Les questions restent, les réponses changent. Voici celles d’Audrée Wilhelmy.

Questionnaire LQ

Les questions restent, les réponses changent. Voici celles d’Audrée Wilhelmy.

Photo: Sandra LachancePhoto: Sandra Lachance

 

Est-ce que le roman est mort?

La fiction est partout. Avec les médias sociaux, la construction narrative a pris une dimension très personnelle. On le sait, ça a été répété ad nauseam dans les dernières années, chaque individu agit comme chroniqueur (auteur) de sa propre existence. Dans cette fictionnalisation à large échelle, le roman continue de jouer un rôle de guide, il propose des univers, des codes, des figures qui nourrissent les fables individuelles et le grand récit historique. À mes yeux, il est plus vivant (et pluriel) que jamais, mais je ne suis pas certaine qu’il soit aussi significatif que lorsqu’il était le principal lieu de mise en récit.

Le roman que j’ai honte de ne pas avoir lu?

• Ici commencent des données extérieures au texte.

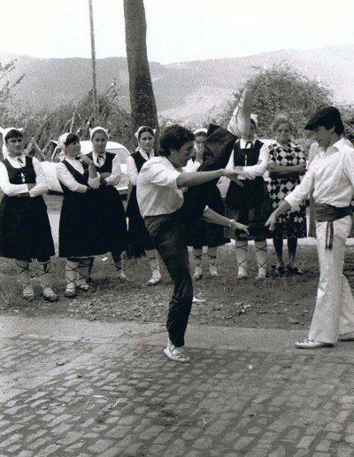 1979ko irailaren 8an, Meza nagusiaren ostean, Almikako eleizaren arrean aurreskua dantzatzen. Gezurra dirudien arren, aurreskularia -hots, ezkerreko hanka jasota daukan dantzaria- ni-neu naiz, 19 urterekin.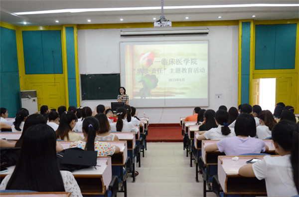 2015年6月18日上午,第一临床医学院在明秀校区西梯一教室开展毕业生党员“感恩·责任”主题教育活动。学院党委书记李敏智、教学部黄彬主任、全体辅导员及全体毕业生党员参加活动。活动由学院教学党总支书记罗之瑜主持。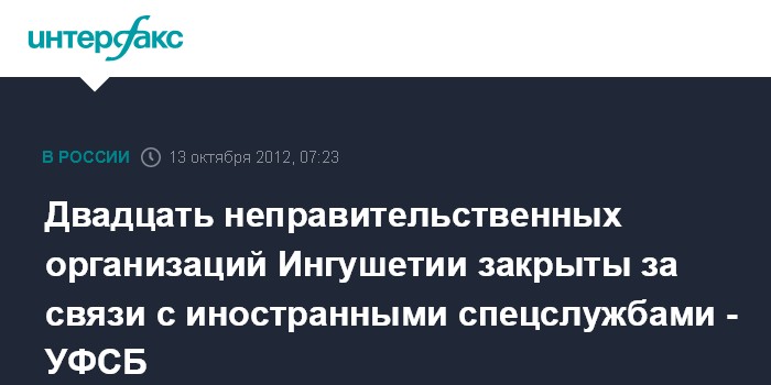 Двадцать неправительственных организаций Ингушетии закрыты за связи с иностранными спецслужбами - УФСБ

Quelque chose me dérange dans le terme «honte», que je n’éprouve pas en ce qui a trait à la lecture ou à quelque autre loisir que ce soit. Je crois que la honte d’avoir lu ou non une œuvre est le réflexe d’une personne cultivée qui tient à sa position d’intellectuelle. J’y vois aussi une forme de sensibilité, une considération, peut-être trop grande, de l’opinion des autres à son endroit. J’ai plusieurs défauts, mais pas celui-là. Cela ne signifie pas que je n’aime pas lire ou qu’il n’y ait pas de titres qui m’intriguent et que je n’ai pas encore eu le plaisir de découvrir, mais je n’ai pas honte des trous dans ma bibliothèque.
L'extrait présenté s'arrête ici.